Collected data:

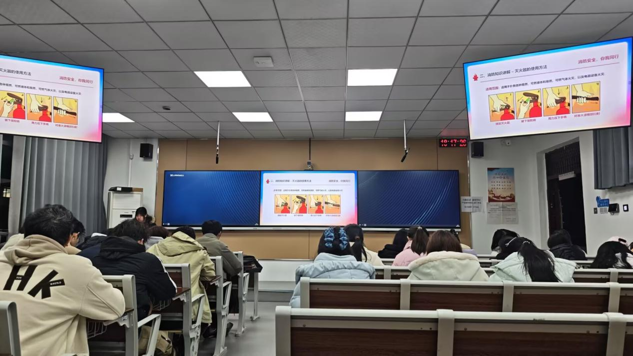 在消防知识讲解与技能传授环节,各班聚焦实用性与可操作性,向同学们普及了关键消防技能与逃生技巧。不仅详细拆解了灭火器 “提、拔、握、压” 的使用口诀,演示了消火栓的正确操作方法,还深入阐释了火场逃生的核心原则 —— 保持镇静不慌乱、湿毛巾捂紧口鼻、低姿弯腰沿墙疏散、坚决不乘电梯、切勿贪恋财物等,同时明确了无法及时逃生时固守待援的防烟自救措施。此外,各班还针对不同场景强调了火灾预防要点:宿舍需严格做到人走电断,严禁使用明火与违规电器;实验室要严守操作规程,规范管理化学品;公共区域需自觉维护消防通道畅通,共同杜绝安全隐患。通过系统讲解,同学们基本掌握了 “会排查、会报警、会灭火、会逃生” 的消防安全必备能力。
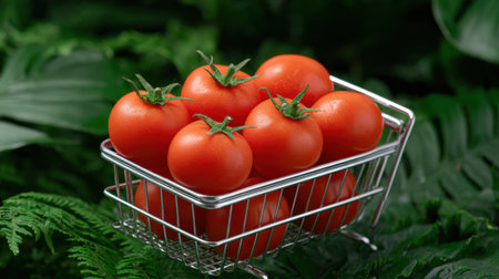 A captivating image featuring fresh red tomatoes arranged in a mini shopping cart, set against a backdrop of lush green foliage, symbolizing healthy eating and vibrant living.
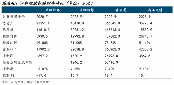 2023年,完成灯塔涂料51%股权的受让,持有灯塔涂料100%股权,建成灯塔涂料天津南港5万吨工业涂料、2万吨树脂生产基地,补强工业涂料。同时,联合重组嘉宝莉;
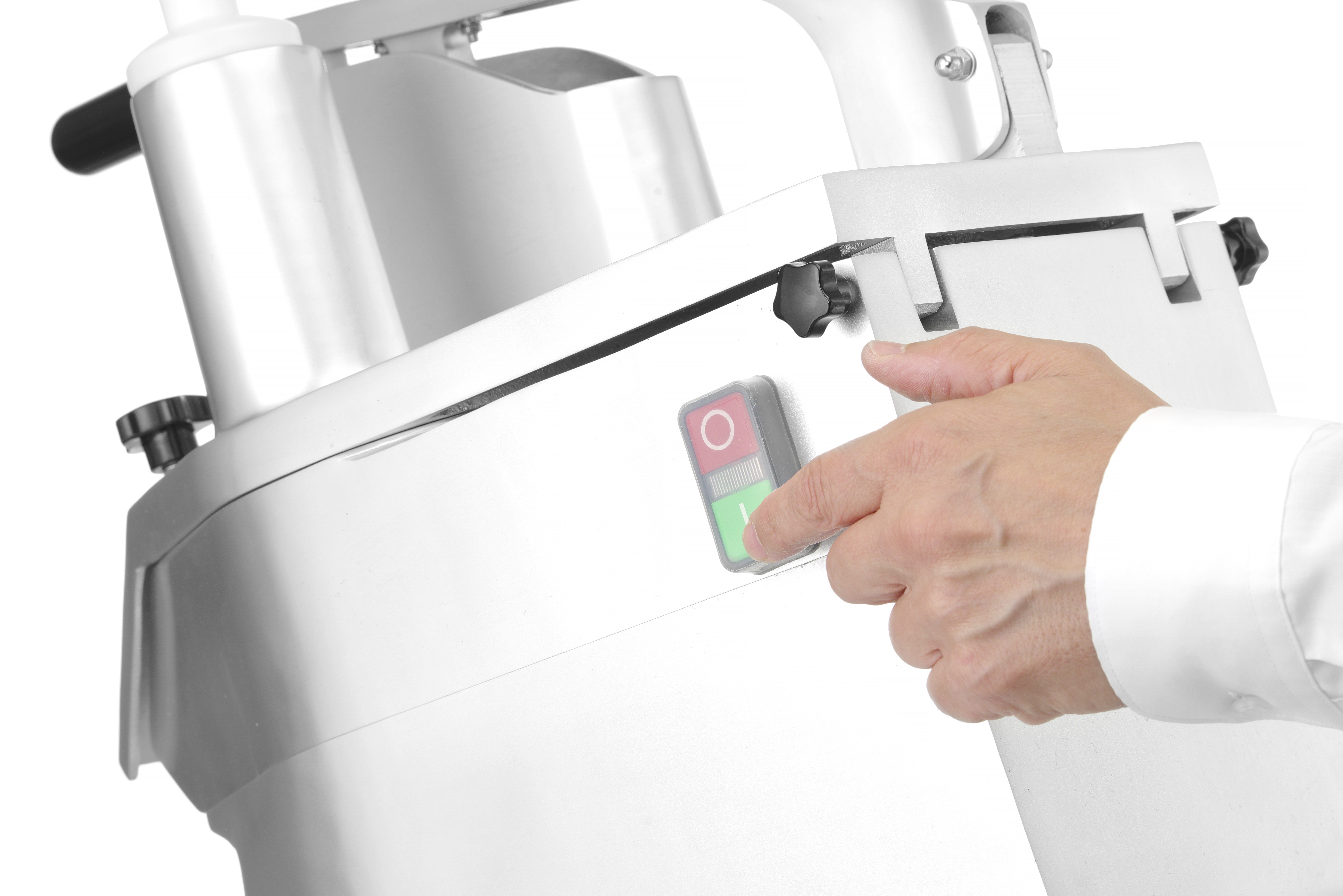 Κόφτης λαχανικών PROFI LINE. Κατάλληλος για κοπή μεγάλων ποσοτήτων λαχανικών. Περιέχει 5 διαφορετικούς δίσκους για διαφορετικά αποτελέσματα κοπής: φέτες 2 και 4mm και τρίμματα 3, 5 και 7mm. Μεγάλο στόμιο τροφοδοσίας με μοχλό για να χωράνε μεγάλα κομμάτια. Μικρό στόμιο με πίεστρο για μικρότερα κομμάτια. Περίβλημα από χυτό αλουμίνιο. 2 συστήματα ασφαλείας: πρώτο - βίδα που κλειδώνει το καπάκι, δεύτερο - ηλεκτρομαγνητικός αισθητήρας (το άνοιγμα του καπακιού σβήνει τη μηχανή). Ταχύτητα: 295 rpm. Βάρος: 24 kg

Work required: Repeat the data exactly, without the pictures.

Exercise output:
 在消防知识讲解与技能传授环节,各班聚焦实用性与可操作性,向同学们普及了关键消防技能与逃生技巧。不仅详细拆解了灭火器 “提、拔、握、压” 的使用口诀,演示了消火栓的正确操作方法,还深入阐释了火场逃生的核心原则 —— 保持镇静不慌乱、湿毛巾捂紧口鼻、低姿弯腰沿墙疏散、坚决不乘电梯、切勿贪恋财物等,同时明确了无法及时逃生时固守待援的防烟自救措施。此外,各班还针对不同场景强调了火灾预防要点:宿舍需严格做到人走电断,严禁使用明火与违规电器;实验室要严守操作规程,规范管理化学品;公共区域需自觉维护消防通道畅通,共同杜绝安全隐患。通过系统讲解,同学们基本掌握了 “会排查、会报警、会灭火、会逃生” 的消防安全必备能力。
 A captivating image featuring fresh red tomatoes arranged in a mini shopping cart, set against a backdrop of lush green foliage, symbolizing healthy eating and vibrant living.
 2023年,完成灯塔涂料51%股权的受让,持有灯塔涂料100%股权,建成灯塔涂料天津南港5万吨工业涂料、2万吨树脂生产基地,补强工业涂料。同时,联合重组嘉宝莉;
 Κόφτης λαχανικών PROFI LINE. Κατάλληλος για κοπή μεγάλων ποσοτήτων λαχανικών. Περιέχει 5 διαφορετικούς δίσκους για διαφορετικά αποτελέσματα κοπής: φέτες 2 και 4mm και τρίμματα 3, 5 και 7mm. Μεγάλο στόμιο τροφοδοσίας με μοχλό για να χωράνε μεγάλα κομμάτια. Μικρό στόμιο με πίεστρο για μικρότερα κομμάτια. Περίβλημα από χυτό αλουμίνιο. 2 συστήματα ασφαλείας: πρώτο - βίδα που κλειδώνει το καπάκι, δεύτερο - ηλεκτρομαγνητικός αισθητήρας (το άνοιγμα του καπακιού σβήνει τη μηχανή). Ταχύτητα: 295 rpm. Βάρος: 24 kg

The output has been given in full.